In industrial induction heat processing of a strip material or slab material, the fixed interior heating cross sectional opening of a rectangular sheet inductor or a multi-turn inductor through which the material passes is sized to achieve a required process level of induced material heating. The strip or slab material may have an abnormal region, for example, where the leading (head) or trailing (tail) of the strip or slab is either not flat (that is, curved upward or downward) or the cross sectional thickness of the material is greater than the interior heating cross sectional opening of the inductor. For example as shown in FIG. 1(a) the abnormal region is the head end 90a of the material 90 (with normally constant thickness z3) curved upward to prevent passage of the material into the interior of inductor 11 with fixed cross sectional interior height z2 and positioned relative to the height of the curved head end of the material so that the curved head end would collide with the inductor and not pass within the inductor.
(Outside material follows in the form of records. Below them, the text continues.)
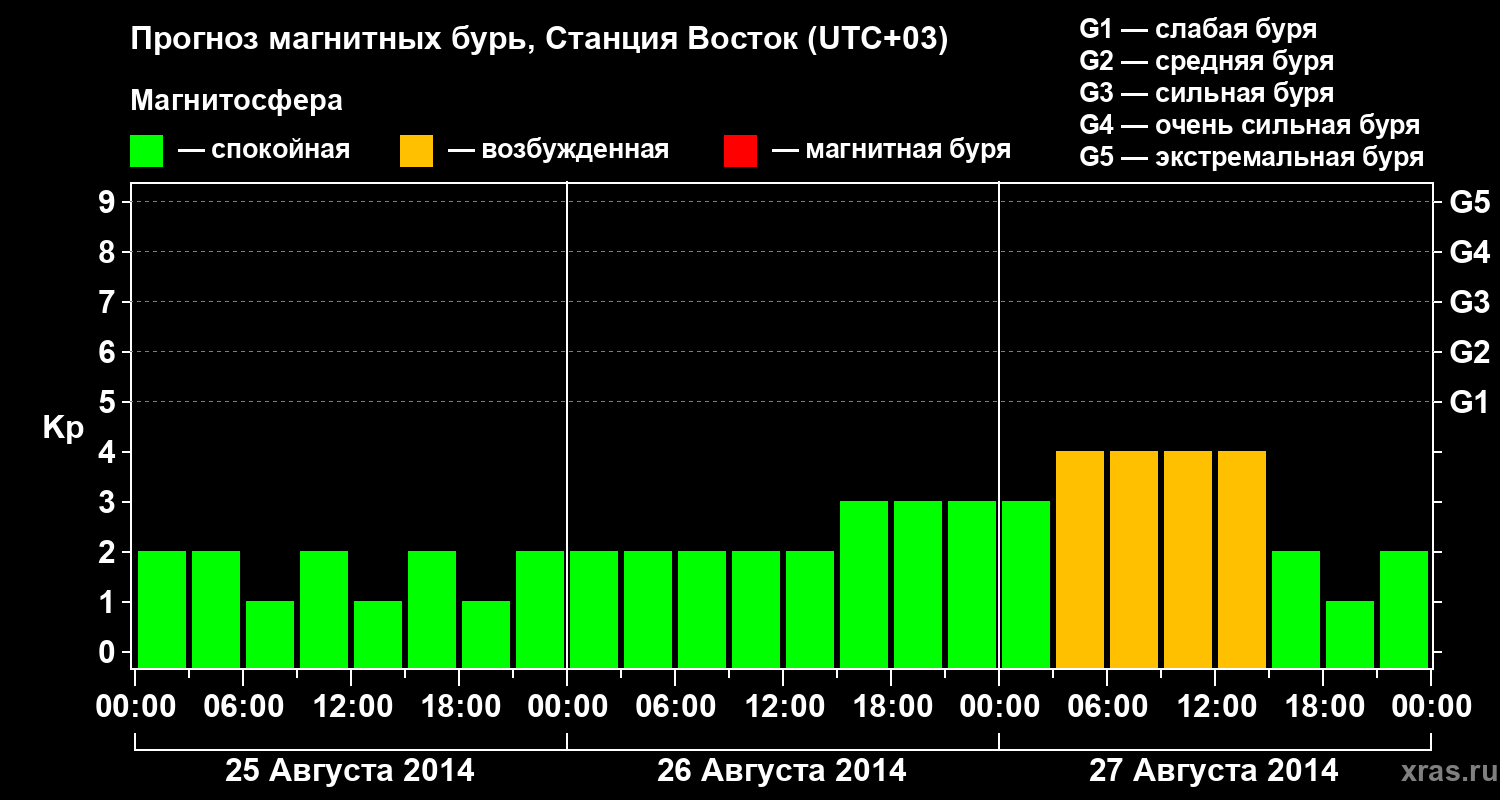 Прогноз магнитных бурь локации Станция Восток — 25 августа 2014 года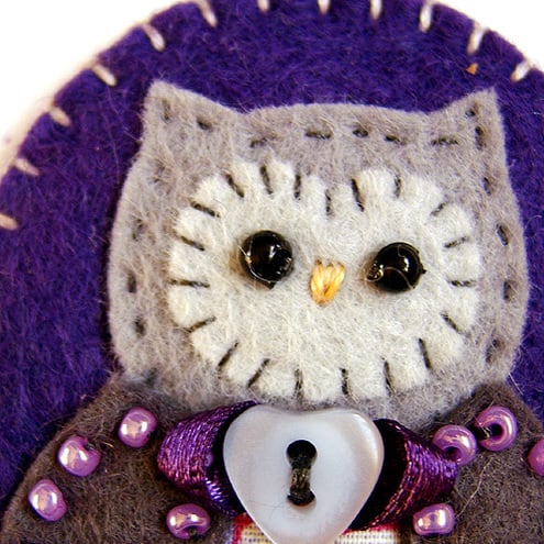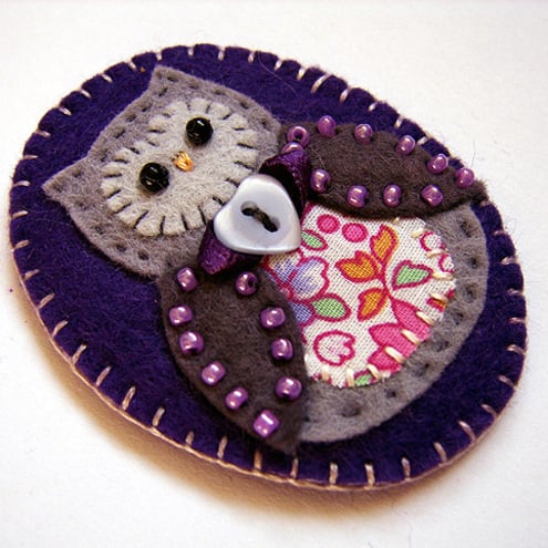 It features a little grey felt owl with applique in pretty cotton print fabric and beading detail on the wings. It is mounted onto a purple oval felt base and is finished with a pretty heart button and ribbon detail. It has a brooch backing for easy attachment.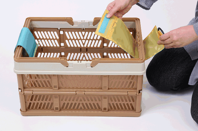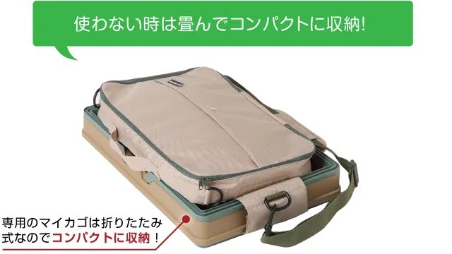 かご*ショルBAG専用カゴは折りたたみ式なので、買い物時や使用しない時には畳んでコンパクトに収納することができます。保冷バッグもつけたまま畳めるので嵩張らず、車に積んでおいたり、持ち運びにも便利です。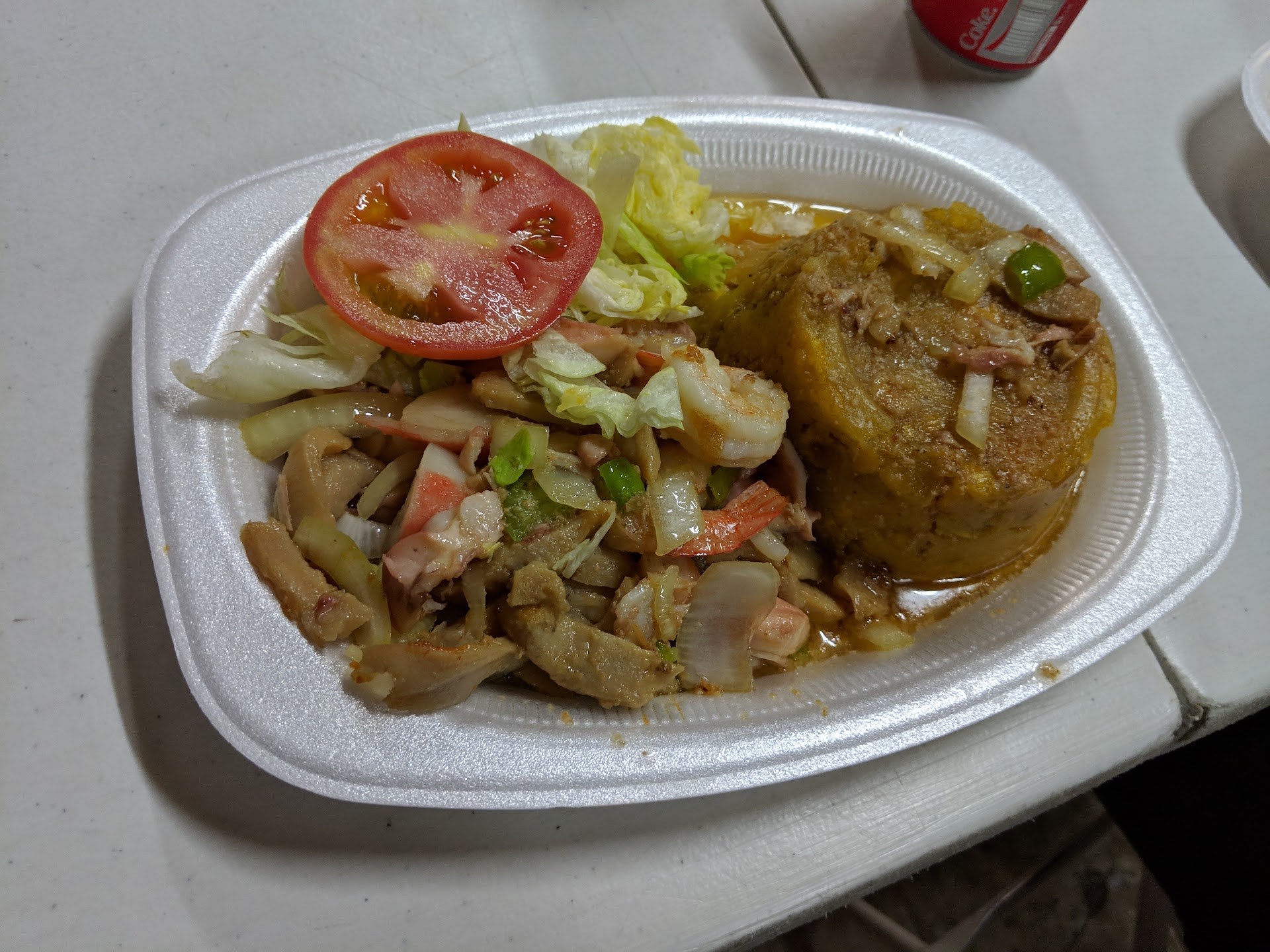 I'm being a tourist and I hate chain restaurants and haute fakery. I wanted a place with outdoor seating ambience and lots of local people. When I finally felt hungry this is what I found. Mainlander tourists with weird ideas about rhe rustic look or feel might find this place strange, but I've been around the world a bit and this looks a perfect good time. The menu consists of various combos of plantains and seafood, but there are land meats too. The menu is subtitled in English so just walk up. Secret tip on the menu, on the bottom are assorted meat pies. Get one. They are super cheap and delicious. In fact, if I was at home minding my diet the meat pie would have been most of a...

An example of an abnormal region is shown in FIG. 1(b) and FIG. 1(c) where the abnormal region is the head end 90b of the material 90 having a maximum head end 90b thickness of z1 while the interior height z2 (in the Z-direction) of the required interior heating cross sectional opening z2 of rectangular sheet inductor 11 is less than z1 but greater than z3 which is the normally constant thickness of the strip or slab region to be induction heat treatment. In both examples the interior cross sectional opening of the inductor would be fixed for efficient induction heating of the material passing through the inductor. Therefore there is the need for a rectangular sheet inductor or a multi-turn inductor that can have a temporarily extendible cross sectional interior opening to allow an abnormal region of the material to pass through the inductor with return to a smaller interior cross sectional opening for efficient induction heating of the material outside of the abnormal region particularly in industrial processes where multiple strips or slabs are sequentially passing through the inductor.
In addition to the requirement to allow an abnormal region of the material to pass through the inductor, in some industrial induction heat processing of a strip or slab material such as a multiphase steel composition (for example dual phase steels, transformation induced plasticity (TRIP) steels, ferrite-bainite (FB) steels and complex phase (CP) steels) where the impedance of the (load) material varies as it passes through the rectangular sheet inductor or a multi-turn inductor, there is a need for load impedance match with the output of the induction power source supplying power to the inductor. Therefore there is the need for a rectangular sheet inductor or a multi-turn inductor that has an extendible cross sectional opening of the rectangular sheet inductor or a multi-turn inductor to allow an abnormal region of the material to pass through the inductor and to return to a smaller interior heating cross sectional opening and, either alternatively, or in combination therewith, to match load impedance of a material with varied electromagnetic properties by varying the cross sectional opening of the rectangular sheet inductor or a multi-turn inductor as the material passes through the inductor particularly when multiple strips or slabs are sequentially passing through the inductor and the change in the material's electromagnetic properties are randomly variable as the material passes through the inductor.
Where there is an industrial induction heating process that requires both increasing the interior cross sectional opening of the inductor for passage of an abnormal region of the material, and changing the interior cross sectional opening for variable load impedance matching there is the need for a rectangular sheet inductor or a multi-turn inductor to have separate features for performing each of these two functions.